Convocatoria

[Recetas de las ancestras] Frijoles con ombligos

Por Eréndira Cruz 

No cabe duda que la memoria sostiene, y la cocina

ligada a mis recuerdos me han sostenido durante este

encierro, durante esta soledad.

 

En la memoria de mis afectos, en los recuerdos nublados de una cocina: un fregadero, una estufa blanca y un refrigerador…. Miro como quien mira a través de las ventanas del pasado, como si fuera un sueño, miro a mi abuela Rosita (Fernanda era su nombre escrito en el acta de su nacimiento, acta que se perdió en una inundación cuando ella era pequeña y vivía en Hidalgo, su tierra natal). Siempre he pensado que cambiarse de nombre fue una estrategia de resistencia; ella me contaba que no se identificaba con Fernanda, que Rosita le venía mejor. Fue así que decidió re-nombrarse y con ello asumir otra identidad: más florida, más colorida, ¡vayan ustedes a saber! A mí me complace pensarle floridamente en los salones de baile donde conoció a mi abuelo.
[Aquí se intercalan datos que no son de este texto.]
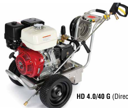
HD 4.0/40 G (Direct)

Low profile handle with cushioned grip is easy to push and pull
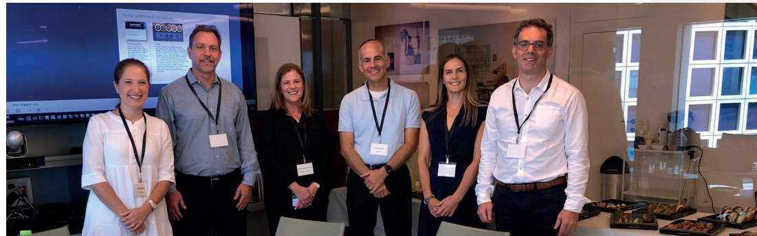
Roundtable discussion on emerging data privacy and AI regulation in the EU/UK

In May, we hosted a virtual discussion on how the escalating sanctions and export control restrictions imposed on Russia, Belarus, and the Russian-occupied regions of Ukraine apply to Israeli companies doing business in those countries.
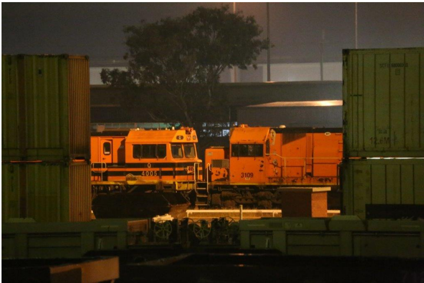
Stored Q4005 & LZ3109, Forreestfield, 13 th October.
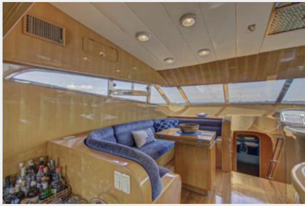
Happy Days (33)

     Rosa, Rosita, Doña Rosa fue una mujer de carácter fuerte, de ceño fruncido, autoritaria y “enojona”, eso decía la gente que la conocía (o que creía “conocerla”). En la familia la Tía Rosa era de cuidado, porque a su hija y su nieta (o sea yo) nos había criado con valores restrictivos: “siéntate bien, saca buenas calificaciones, sé la mejor”. Ya después tuve que gestionar desde mi cuerpo mi propia libertad.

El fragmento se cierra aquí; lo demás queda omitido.